I’ve played Halma, but we used “pins”, not marbles. I imagine if you’re planning a marble version of Go, you better find a clever solution to large-scale captures, because trying to remove 40 marbles from pits deep enough to keep the marbles in place would be quite annoying.
The only thing I can think of involves a rubber ‘valve’ (a circular piece divided into 2-4 parts to make it semi-permeable) letting you push the marbles down into a tilted collection chamber, sort of like a pool table, but I imagine that would be quite vulnerable to wear and tear.
Perhaps it would be simpler to scrape off some of the edges so only 4 “thorns” remain, allowing the player to more easily… pincer each marble from all sides.
I was actually thinking of small holes drilled in the surface at each vertex, just enough to keep the marbles from rolling accidentally, and perhaps a proportionately larger space between each stone to facilitate plucking them amid the others.
P. S. I like the valve idea. Could be done quite simply with small rubber gaskets in a hollow board
P. P. S. Maybe we should stop talking about this until I’ve patented my idea haha
I think all of the Chinese checker boards using marbles that I’ve seen are designed with shallow enough divots and wider spacing to make it easy to pick up and move the marbles. The game involves constantly picking up and moving marbles, so a board that isn’t designed to make that easy would be terrible for Chinese checkers as well.
Pushing pieces through the board into a collection chamber seems a bit gimmicky, and moves away from a simple wood and glass aesthetic. The rubber gaskets would have to be sized just right, and might wear out over time, or perform inconsistently with marbles that could vary slightly in size.

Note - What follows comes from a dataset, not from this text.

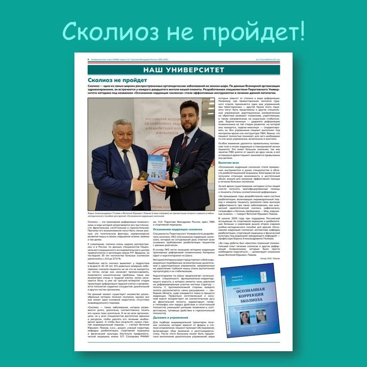 Спешим сообщить, что в университетской газете РНИМУ имени Н.И. Пирогова вышла публикация о книге нашего врача ЛФК к.м.н Шрот-терапевта Левкова Виталия Юрьевича "Осознанная коррекция SКОЛИОЗА"

I guess @Skurj is talking about making a normal (square grid) board that just borrows the divots concept. However, actually playing an improvised game on an existing Chinese checkers board would introduce a much bigger change to the game: the hexagonal grid would give the interior points 6 neighbors instead of 4.
The circular gasket could have radial splits, making flaps to alleviate material stress and buffer the size inconsistencies. It does seem gimmicky, but it would also be a bit of juvenile fun playing marble machine every time a capture is made.
I think such a design would be quite aesthetically unpleasing. Imagine a large grid of holes, each with some sort of rubber gasket. There wouldn’t be much wood to appreciate.
Each hole would have to be at least slightly larger than the marble, and then there would have to be adequate spacing between each hole in order for there to be enough material that it remains structurally sound. Taken altogether, that means that there would probably be more spacing between each marble than a simpler divot design, with enough spacing just to pick up the marbles.
For making divots, you mentioned simply drilling holes. I think cutting out spherical divots sized to fit the marbles would be more elegant.
Overall, I like the idea of considering novel go stone/board designs. It’s surprising and disappointing that despite the fact that go is an incredibly abstract game, set designs are dominated by the traditional aesthetic with virtually no alternatives available on the market.
How about a net that is just suspended along it’s edges? The net could be just tight enough to support the marbles, but stretchy enough to push them through. Or, with a tighter net, a player could just reach underneath to help lift out any captures.
Buttons != marbles, no? But it would make for a fantastic travel set. No more missing stones, you could play it on the ISS… what’s not to like.
Still tricky to find a way to represent three states with a purely mechanical button/switch (though it would be a great piece of engineering). Easier to do with a color LED but then it needs a battery or something.
Maybe if the button is down, it’s an empty intersection and when it’s up, you reveal a colored disk with a yin-yang stencil covering half of that disk, allowing you to change colors by turning the button/disk.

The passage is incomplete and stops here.